*** Records for the task ***

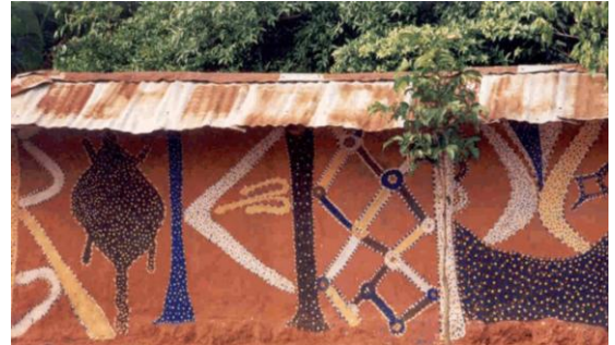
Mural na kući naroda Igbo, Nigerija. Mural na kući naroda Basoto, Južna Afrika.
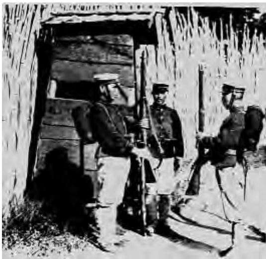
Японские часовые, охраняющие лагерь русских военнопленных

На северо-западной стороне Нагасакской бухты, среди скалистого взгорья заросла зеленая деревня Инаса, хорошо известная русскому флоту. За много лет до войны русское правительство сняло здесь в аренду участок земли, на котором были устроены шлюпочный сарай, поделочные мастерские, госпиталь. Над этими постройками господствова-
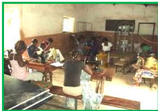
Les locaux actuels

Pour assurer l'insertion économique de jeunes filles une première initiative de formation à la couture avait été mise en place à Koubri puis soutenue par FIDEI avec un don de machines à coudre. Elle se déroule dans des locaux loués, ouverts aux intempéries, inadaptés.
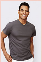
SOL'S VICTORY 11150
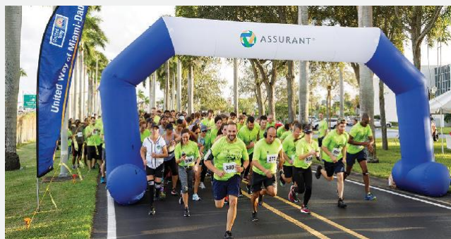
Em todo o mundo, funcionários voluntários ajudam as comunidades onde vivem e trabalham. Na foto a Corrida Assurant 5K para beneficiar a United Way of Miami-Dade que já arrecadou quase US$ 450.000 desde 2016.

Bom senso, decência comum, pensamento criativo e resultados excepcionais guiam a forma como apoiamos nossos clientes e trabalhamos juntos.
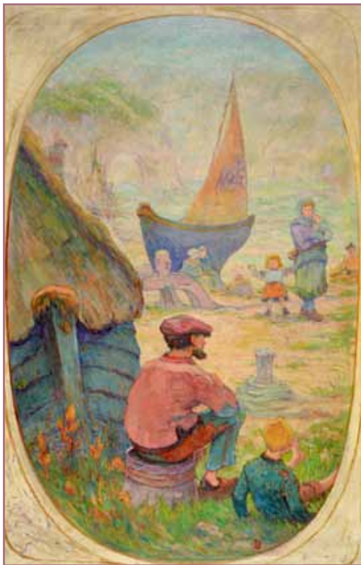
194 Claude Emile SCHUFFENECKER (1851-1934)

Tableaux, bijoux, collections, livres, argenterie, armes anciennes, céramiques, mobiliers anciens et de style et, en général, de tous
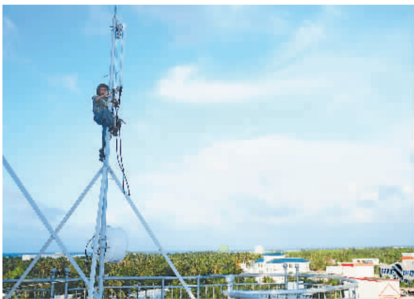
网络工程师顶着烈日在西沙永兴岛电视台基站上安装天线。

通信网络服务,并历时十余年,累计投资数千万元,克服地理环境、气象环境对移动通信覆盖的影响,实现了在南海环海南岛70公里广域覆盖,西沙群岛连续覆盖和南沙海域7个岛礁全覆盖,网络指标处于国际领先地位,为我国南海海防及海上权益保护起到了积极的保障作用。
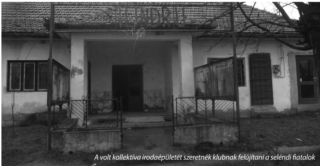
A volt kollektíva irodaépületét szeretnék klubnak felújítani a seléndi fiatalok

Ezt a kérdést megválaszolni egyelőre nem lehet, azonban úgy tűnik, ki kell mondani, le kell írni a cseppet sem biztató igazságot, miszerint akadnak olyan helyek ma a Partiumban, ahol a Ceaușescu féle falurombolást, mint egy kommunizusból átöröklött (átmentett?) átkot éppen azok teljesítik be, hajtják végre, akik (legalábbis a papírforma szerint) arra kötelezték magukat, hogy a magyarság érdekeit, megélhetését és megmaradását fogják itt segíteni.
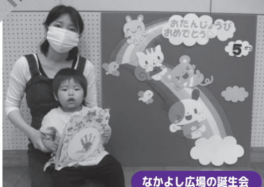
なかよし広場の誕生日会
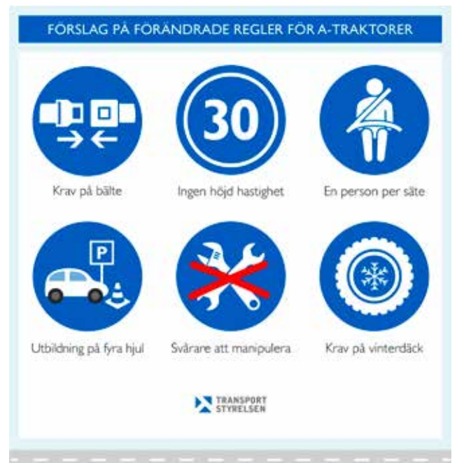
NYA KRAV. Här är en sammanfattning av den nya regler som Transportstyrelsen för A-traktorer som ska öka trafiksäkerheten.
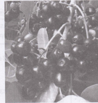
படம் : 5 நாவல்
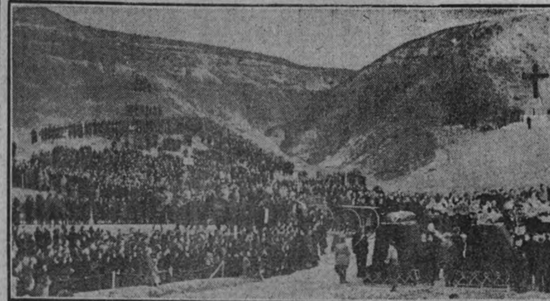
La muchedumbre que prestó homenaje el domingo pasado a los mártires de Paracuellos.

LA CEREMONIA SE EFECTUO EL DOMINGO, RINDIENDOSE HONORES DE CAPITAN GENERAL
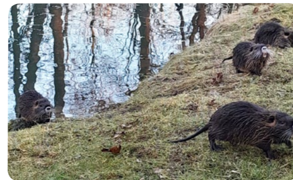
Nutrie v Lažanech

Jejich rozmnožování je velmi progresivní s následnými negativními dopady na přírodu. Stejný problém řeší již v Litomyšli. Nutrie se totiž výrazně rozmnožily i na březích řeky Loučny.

*** End of Records for the task ***
*** Records for the task ***

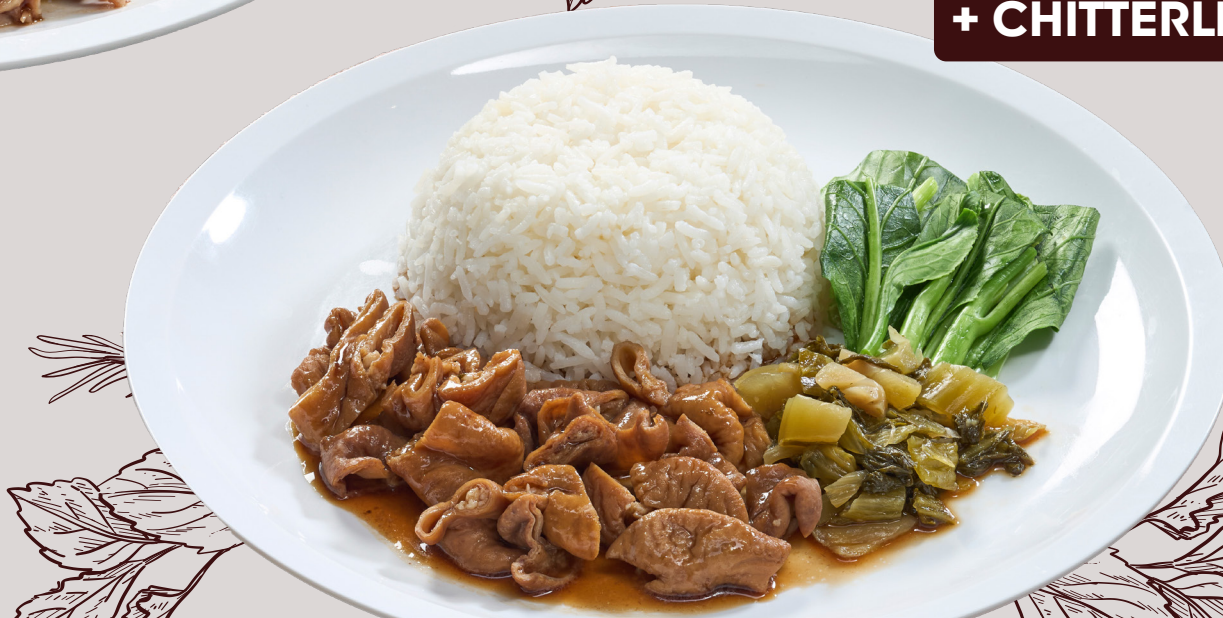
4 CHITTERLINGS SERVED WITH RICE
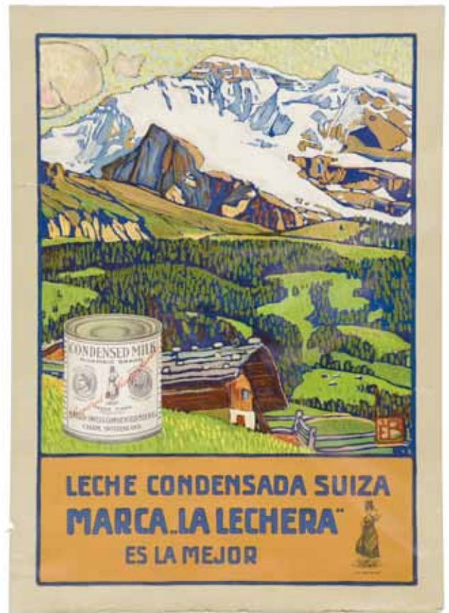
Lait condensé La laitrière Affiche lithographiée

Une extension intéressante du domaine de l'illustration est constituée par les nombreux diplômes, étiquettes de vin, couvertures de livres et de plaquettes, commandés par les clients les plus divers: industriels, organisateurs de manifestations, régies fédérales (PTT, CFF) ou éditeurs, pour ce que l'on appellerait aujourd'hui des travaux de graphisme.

*** End of Records for the task ***

▶ **Work required**:
Filter the records above for lines containing the word "livres", and copy those lines.

▶ **Answer below**:
Tableaux, bijoux, collections, livres, argenterie, armes anciennes, céramiques, mobiliers anciens et de style et, en général, de tous
Une extension intéressante du domaine de l'illustration est constituée par les nombreux diplômes, étiquettes de vin, couvertures de livres et de plaquettes, commandés par les clients les plus divers: industriels, organisateurs de manifestations, régies fédérales (PTT, CFF) ou éditeurs, pour ce que l'on appellerait aujourd'hui des travaux de graphisme.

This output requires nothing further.